• [ACTIVITY]:
With the pictures omitted, set down exactly the lines from the one that contains "Features a rich" through the last line of the data.

• [DATA PROVIDED]:

Content starts

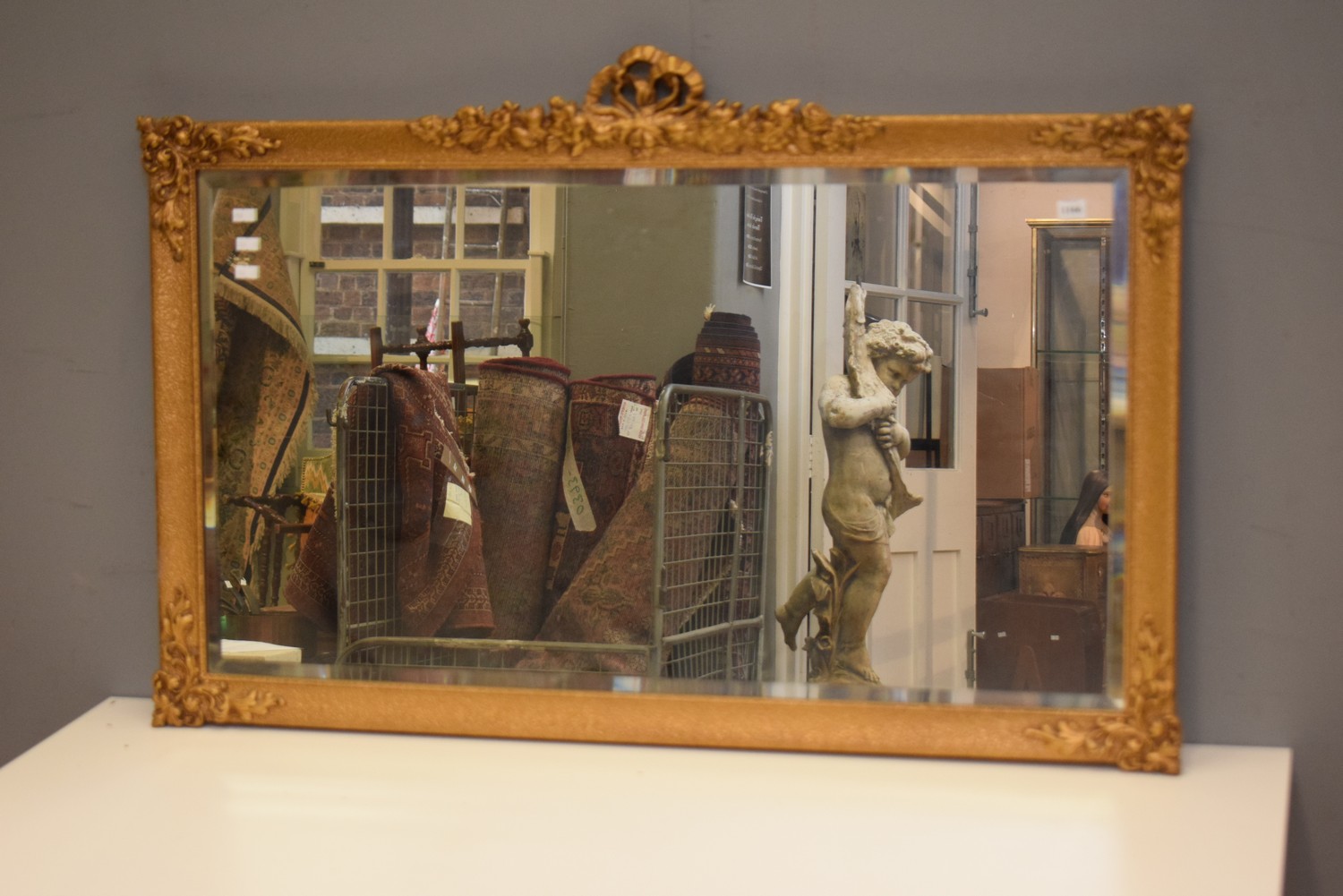 A DECORATIVE GILT WALL MIRROR (67H X 102W CM)
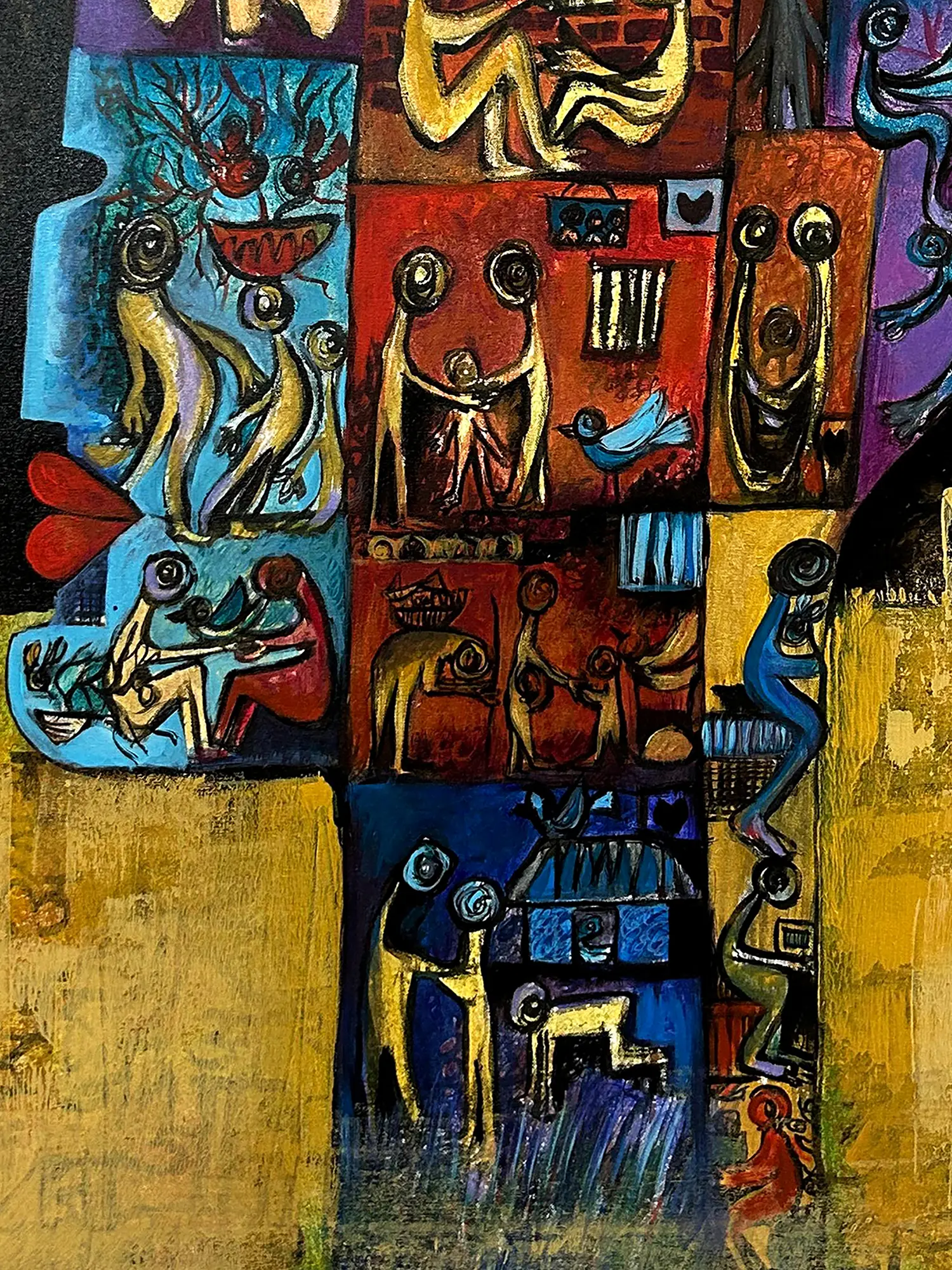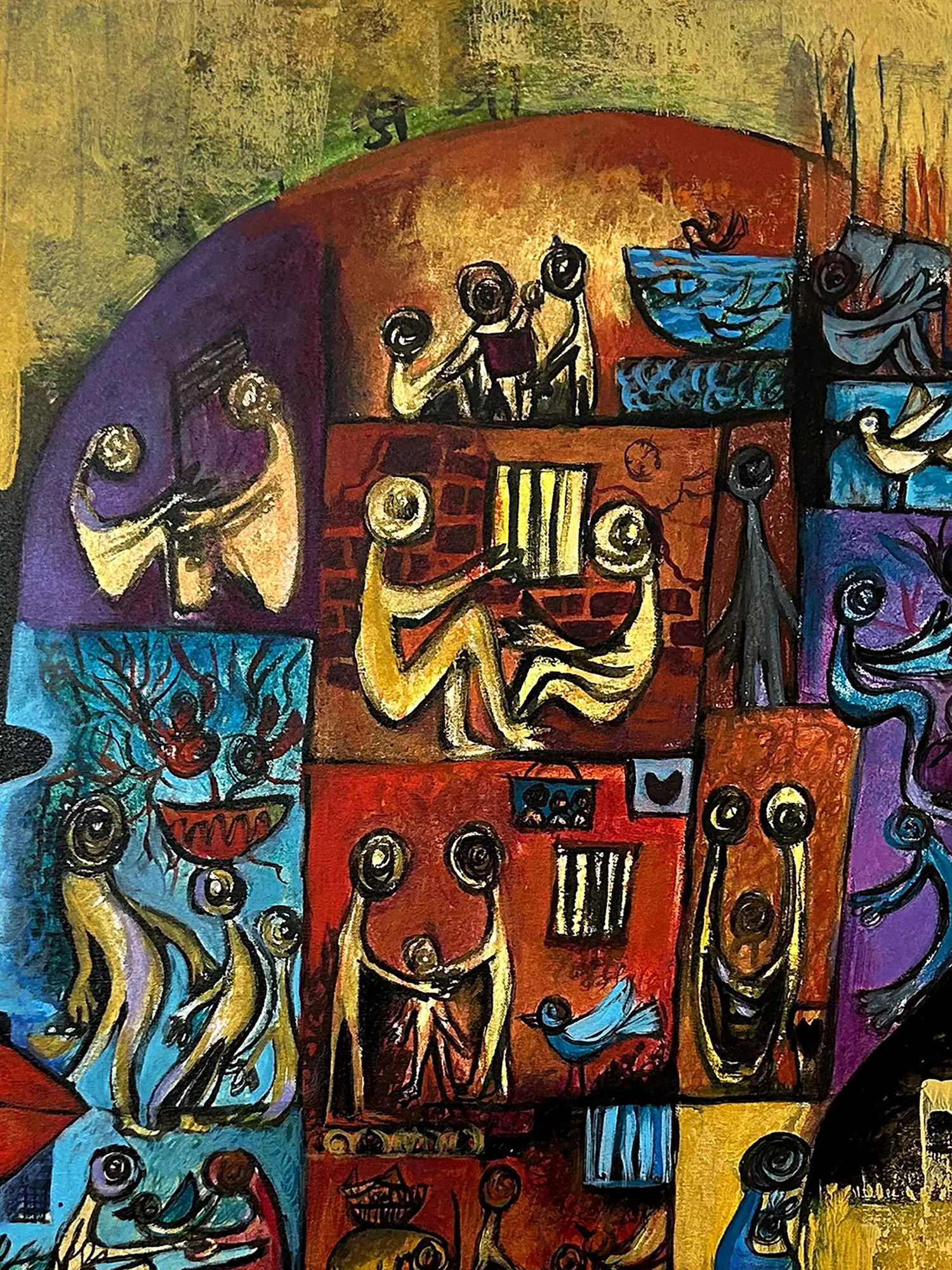 Features a rich tapestry of motifs reminiscent of folk art and ancient storytelling, integrated into a modern abstract framework.
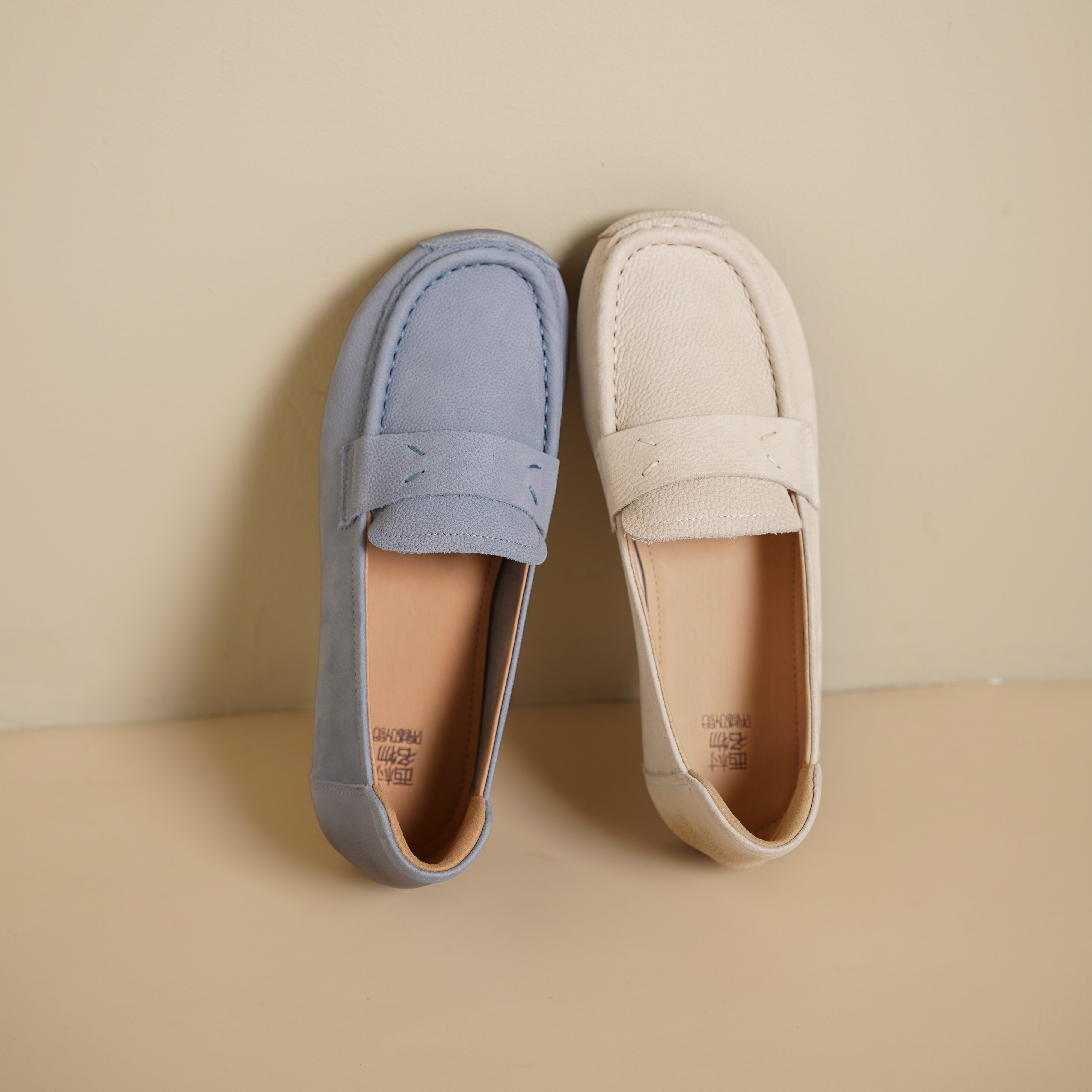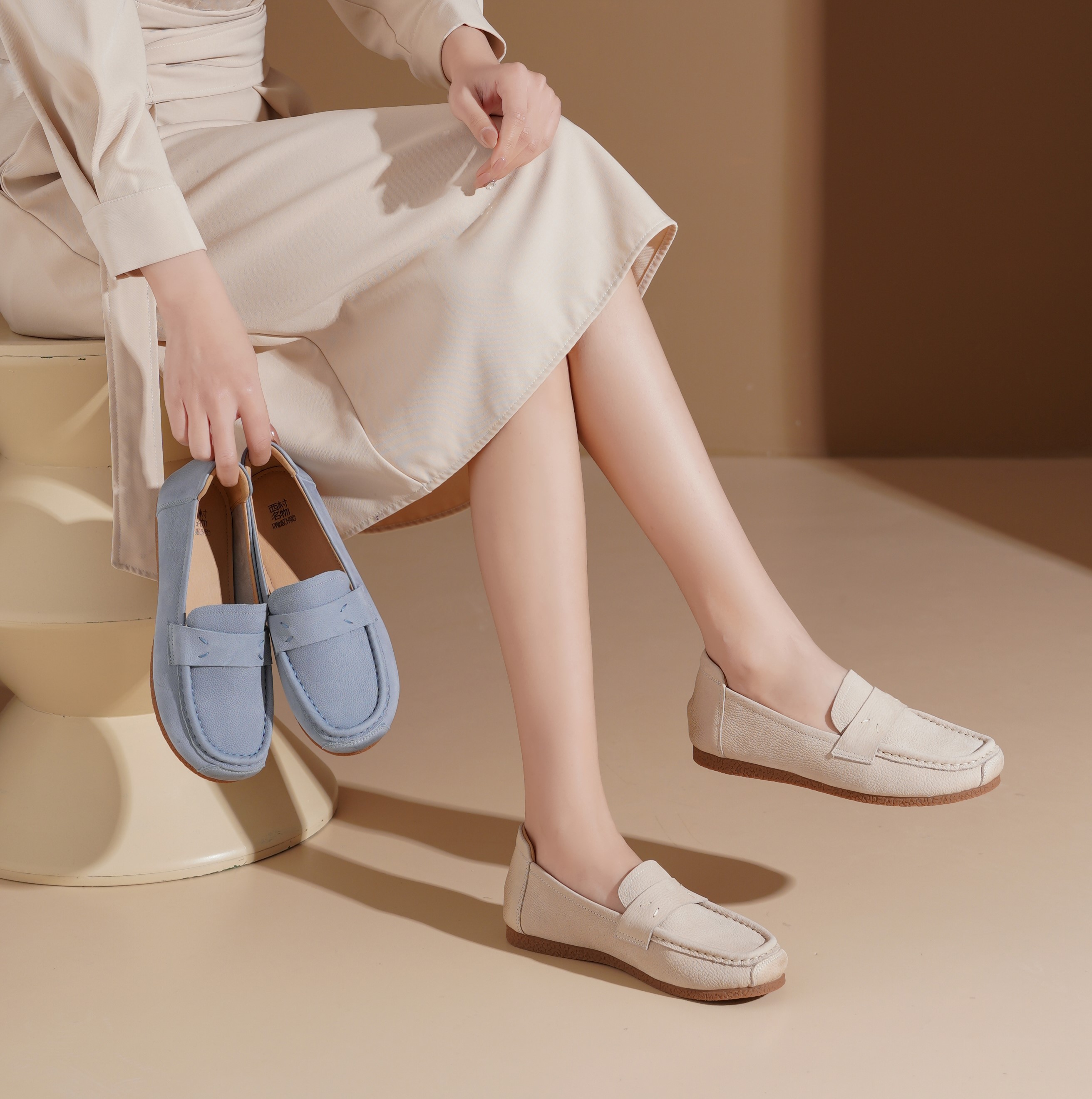西村名物2025年春季新款小圆头低平跟舒适浅口单鞋豆豆鞋X25AM14561

Content ends

• [ANSWER SPACE]:
 Features a rich tapestry of motifs reminiscent of folk art and ancient storytelling, integrated into a modern abstract framework.
西村名物2025年春季新款小圆头低平跟舒适浅口单鞋豆豆鞋X25AM14561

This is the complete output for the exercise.